Speaking of CUDA cores, like all other Turing parts, TU116 and Turing Minor get NVIDIA’s fast FP16 functionality. This means that these GPUs can process FP16 operations at twice the rate of FP32 operations – via the GPU’s dedicated FP16 cores – which for GTX 1660 Ti works out to 11 TFLOPS of performance. Using FP16 shaders in PC games is still relatively new – the baseline 8th gen consoles don’t support it and NVIDIA previously limited this feature to server parts – but it’s more widely used in mobile games where FP16 support is common. There, as it will be in the PC space, FP16 shaders allow for developers to trade off between performance and shader precision by using a lower precision format; not all shader programs require a full FP32’s worth of precision, and when done right it can improve performance and reduce memory bandwidth needs without any real image quality impact.
Meanwhile, looking at the rest of the GPU, the memory and cache system is a bit of a grab bag. On the one hand, Turing implements NVIDIA’s latest lossless memory compression technology. This has proven to be one of NVIDIA’s bigger advantages over AMD, and continues to allow them to get away with less memory bandwidth than we’d otherwise expect some of their GPUs to need. The actual savings vary from game to game, but for the GTX 2080 Ti launch, NVIDIA reported that they were seeing reductions in traffic between 18% and 33%
However, distinct to TU116 versus its Turing Major siblings, the latest GPU has a less L2 cache per ROP partition. Turing Major GPUs all have 512KB of L2 cache per partition, giving TU106 a total of 4MB of L2, for example. TU116 on the other hand has just 256KB of L2 per partition for a total of 1.5MB of L2, which happens to be the same amount of cache and cache ratios as on GP106. The performance impact of this is hard to measure given all of the other changes in the GPU, but clearly NVIDIA had traded off some die size at the cost of some increases in cache misses. The wildcard in all of this being how much the additional bandwidth of GDDR6 helps to offset those misses.

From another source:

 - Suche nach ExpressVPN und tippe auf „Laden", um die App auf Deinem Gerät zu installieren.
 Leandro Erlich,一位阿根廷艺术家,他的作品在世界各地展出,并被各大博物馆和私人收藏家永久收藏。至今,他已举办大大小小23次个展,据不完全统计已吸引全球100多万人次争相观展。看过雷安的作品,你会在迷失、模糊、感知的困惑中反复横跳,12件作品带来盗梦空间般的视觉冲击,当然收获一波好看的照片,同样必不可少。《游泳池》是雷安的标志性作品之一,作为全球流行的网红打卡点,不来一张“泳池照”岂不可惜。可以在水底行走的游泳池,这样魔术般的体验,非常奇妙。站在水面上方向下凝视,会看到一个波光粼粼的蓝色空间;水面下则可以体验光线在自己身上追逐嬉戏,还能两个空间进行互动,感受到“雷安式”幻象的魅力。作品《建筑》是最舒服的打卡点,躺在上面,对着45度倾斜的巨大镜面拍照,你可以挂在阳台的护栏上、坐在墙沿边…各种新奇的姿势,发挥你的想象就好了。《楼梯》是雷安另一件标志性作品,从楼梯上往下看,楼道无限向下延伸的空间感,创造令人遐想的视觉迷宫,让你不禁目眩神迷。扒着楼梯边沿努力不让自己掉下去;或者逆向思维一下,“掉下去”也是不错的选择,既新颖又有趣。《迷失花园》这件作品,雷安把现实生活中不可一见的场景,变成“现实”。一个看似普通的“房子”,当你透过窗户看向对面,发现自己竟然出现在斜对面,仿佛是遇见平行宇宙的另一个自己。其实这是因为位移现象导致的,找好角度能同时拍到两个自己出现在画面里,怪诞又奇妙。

Finally on the graphics front, Turing Minor also retains Turing’s adaptive shading capabilities. Not unlike RTX, this is a new feature that is going to take some time to get adopted, so we’ve only seen a handful of games (such as Wolfenstein II) implement it thus far. But by reducing the pixel shader granularity/rate used at various points in a scene, the technology makes it possible to improve performance by reducing the overall shading workload.

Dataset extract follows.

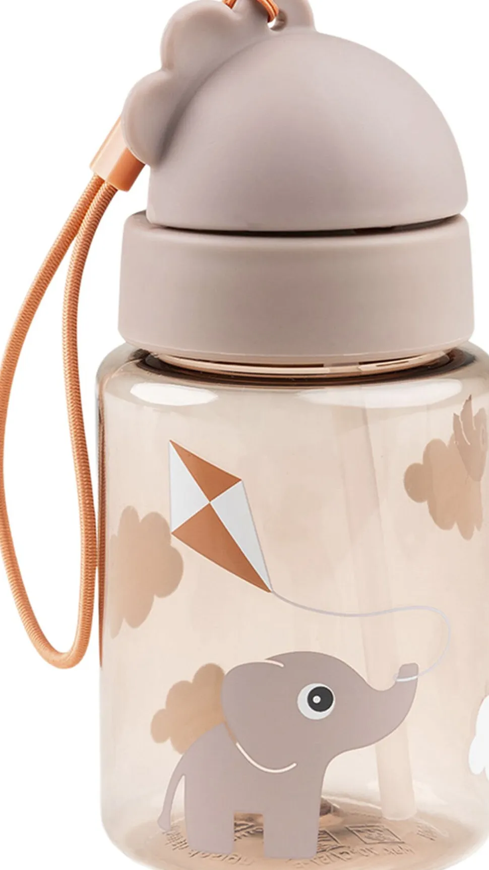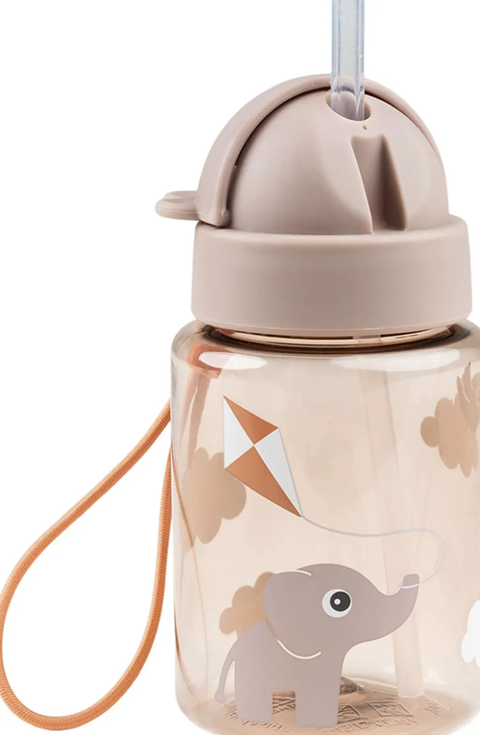 Den gennemsigtige, pudderfarvede flaske har et praktisk sugerør, der kan foldes ind og forhindrer væske i at løbe ud

The trick with adaptive shading – and why it’s a feature rather than an immediate and transparent means of improving performance – is that it’s making a very direct quality/speed tradeoff with pixel shaders; the reduced shading rate can reduce the overall image quality by reducing clarity and creating aliasing artifacts. So developers are still in their infancy playing with the technology to figure out where they can use it without noticeably hurting image quality. In practice I expect we’re going to see it more widely deployed in VR games at first, as the tech is much easier to use there (reduce the rate anywhere the user isn’t looking), as opposed to traditional games.

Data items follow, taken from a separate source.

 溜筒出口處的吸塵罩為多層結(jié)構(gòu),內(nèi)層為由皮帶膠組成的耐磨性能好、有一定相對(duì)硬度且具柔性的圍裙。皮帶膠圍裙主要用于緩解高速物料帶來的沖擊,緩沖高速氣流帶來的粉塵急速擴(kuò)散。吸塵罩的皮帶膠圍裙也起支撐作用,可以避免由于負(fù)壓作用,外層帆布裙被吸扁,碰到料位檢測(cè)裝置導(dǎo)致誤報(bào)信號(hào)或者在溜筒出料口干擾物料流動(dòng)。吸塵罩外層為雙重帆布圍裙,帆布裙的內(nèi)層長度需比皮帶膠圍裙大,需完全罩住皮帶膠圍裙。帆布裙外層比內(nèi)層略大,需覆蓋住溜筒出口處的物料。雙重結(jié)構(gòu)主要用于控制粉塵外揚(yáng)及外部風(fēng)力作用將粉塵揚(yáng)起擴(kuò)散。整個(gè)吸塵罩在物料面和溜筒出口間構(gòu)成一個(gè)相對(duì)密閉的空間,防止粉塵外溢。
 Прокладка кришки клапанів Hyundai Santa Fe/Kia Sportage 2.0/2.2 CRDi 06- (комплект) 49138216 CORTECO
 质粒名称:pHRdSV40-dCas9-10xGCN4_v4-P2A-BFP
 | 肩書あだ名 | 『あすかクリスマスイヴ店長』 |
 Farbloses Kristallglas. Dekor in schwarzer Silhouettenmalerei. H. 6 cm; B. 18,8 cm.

The end result of all of this is that while Turing Minor has some very important feature differences from Turing Major, at the end of the day it’s still Turing. NVIDIA for their part is going to have to grapple with the fact that not all of their current-generation cards feature RTX functionality, but that’s going to be marketing’s problem. As for consumers, unless you’re specifically seeking out NVIDIA’s ray tracing and tensor core functionality, GTX 1660 Ti is just another Turing.